Work item
When you reach the line in the listing below that contains "回力男鞋秋冬季新款皮面运动鞋软底回弹轻便跑步鞋子男 859 黑耀 40", begin returning lines exactly as written, and stop after the line that contains "This soft peach". Return no other lines.

Task data
• • •
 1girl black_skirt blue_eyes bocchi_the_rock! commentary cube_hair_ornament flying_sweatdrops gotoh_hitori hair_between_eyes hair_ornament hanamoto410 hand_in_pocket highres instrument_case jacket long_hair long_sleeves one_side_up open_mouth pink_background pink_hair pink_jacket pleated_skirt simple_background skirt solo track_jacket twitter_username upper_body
• • •
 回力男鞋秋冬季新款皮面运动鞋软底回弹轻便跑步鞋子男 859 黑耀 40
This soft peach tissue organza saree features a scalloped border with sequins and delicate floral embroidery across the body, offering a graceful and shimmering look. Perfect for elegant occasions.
• • •
Solution below
 回力男鞋秋冬季新款皮面运动鞋软底回弹轻便跑步鞋子男 859 黑耀 40
This soft peach tissue organza saree features a scalloped border with sequins and delicate floral embroidery across the body, offering a graceful and shimmering look. Perfect for elegant occasions.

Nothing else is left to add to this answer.